Work from Home Ergonomics: Simple Fixes That Actually Make a Difference
- Heidi Blackie
- 6 days ago
- 7 min read
Here is something I have never seen at a coffee shop: a laptop stand.
I have been in a lot of them, and what I see is a sea of people curled over their screens like question marks, tables at the wrong height, wooden chairs or benches with little back support, coffee going cold. It is the most visible version of a problem that shows up everywhere people work outside a well set up office.

While I have a nice exended-range height adjustable desk, I like to work all over my house, following the light like a houseplant chasing the sun. In winter in Seattle, I track every thin slice of daylight. In summer, I transport my office to the back patio to sit among the trees and be a part of nature. I am not a person who works at a perfectly configured desk from nine to five. I am a person who knows what the body needs and tries to give it that, wherever I happen to be working. Those are different things, and they can coexist.

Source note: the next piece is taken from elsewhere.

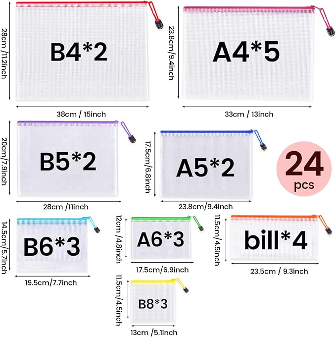 - Multiple sizes:24pcs zipper organizer bags in 8 different sizes and 8 colors, 2*B4(Red), 5*A4(Rose Red), 2*B5(Purple) , 2*A5(Blue), 3*B6(Light Blue), 3*A6(Green), 4*Bills(Orange), 3*B8(Yellow), Get organized with our range of mesh zipper pouches, perfect for pencil pouches, travel pouches, clear storage bags. Available in multiple sizes, these durable and transparent plastic zipper bags will keep your belongings tidy and accessible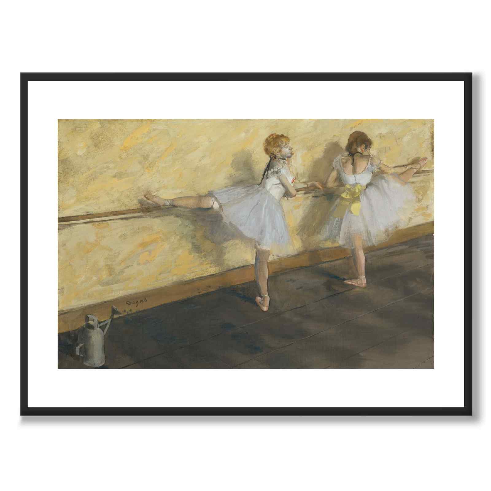 A fantastic poster featuring the painting Dancers Practicing at the Barre created in 1877 by the iconic artist Edgar Degas, whose signature we can see on the wall molding in the painting.

The Pandemic Setup Is Not the Full Story
A lot of the research on remote work and musculoskeletal pain comes from 2020 and 2021, when people were thrown into home offices overnight with whatever they had. Dining chairs, laptops on beds, no external monitors. The pain rates from that period were high, which made complete sense given the circumstances.
Most people are not in that situation anymore. Working from home is not inherently bad for you. Your body responds to position, load, and duration, whether you are in an office or a living room. Change those things, and you change the outcome.
The Laptop Screen Problem
If there is one thing I would change about how most people work, it is this: get your laptop off the desk and up to eye level or use an external monitor.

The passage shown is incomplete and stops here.